- **Exercise data**
###
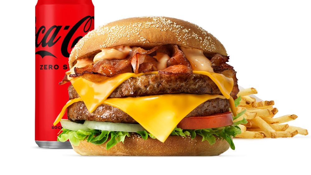 Burgare med svenskt nötkött, originaldressing, svenskt bacon, isbergssallad, gul lök, tomat, cheddarsmältost och sesambröd. Serveras med tillbehör och dryck. 4,6 kg CO2e
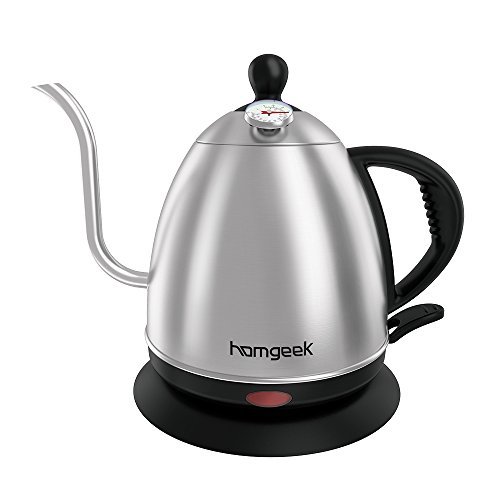Homgeek Electric Gooseneck Coffee Kettle 1 Liter Stainless Steel Cordless Drip Teapot with Thermometer for Pour Over Coffee & Tea
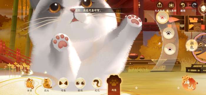 领养猫咪只是初步确定了猫的品种,使君可根据自己的喜好选择猫咪的题型、颜色分布、耳朵、尾巴、爪垫等特点,让使君能够捏出完美符合自己要求的梦中情猫~
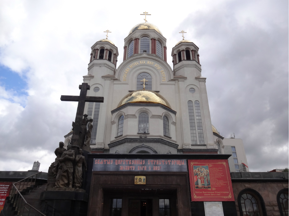 门口是罗曼诺夫纪念碑,这是一组青铜群像,在巨大的十字架下,尼古拉二世抱着14岁的王子亚列克塞走在最前面,皇后与公主们紧随其后,一家沿着螺旋楼梯步入地下室去迎接自己的死亡。1918年7月6日晚上,沙皇尼古拉二世和他的妻子,还有四个女儿和一个儿子,在一个工程师住宅的地下室被处决了。
###
- **Task description**
These lines alone form the answer: the one containing "Homgeek Electric Gooseneck" and every line after it through the end of the material, exactly as written, pictures left out.

- **Output below**
Homgeek Electric Gooseneck Coffee Kettle 1 Liter Stainless Steel Cordless Drip Teapot with Thermometer for Pour Over Coffee & Tea
 领养猫咪只是初步确定了猫的品种,使君可根据自己的喜好选择猫咪的题型、颜色分布、耳朵、尾巴、爪垫等特点,让使君能够捏出完美符合自己要求的梦中情猫~
 门口是罗曼诺夫纪念碑,这是一组青铜群像,在巨大的十字架下,尼古拉二世抱着14岁的王子亚列克塞走在最前面,皇后与公主们紧随其后,一家沿着螺旋楼梯步入地下室去迎接自己的死亡。1918年7月6日晚上,沙皇尼古拉二世和他的妻子,还有四个女儿和一个儿子,在一个工程师住宅的地下室被处决了。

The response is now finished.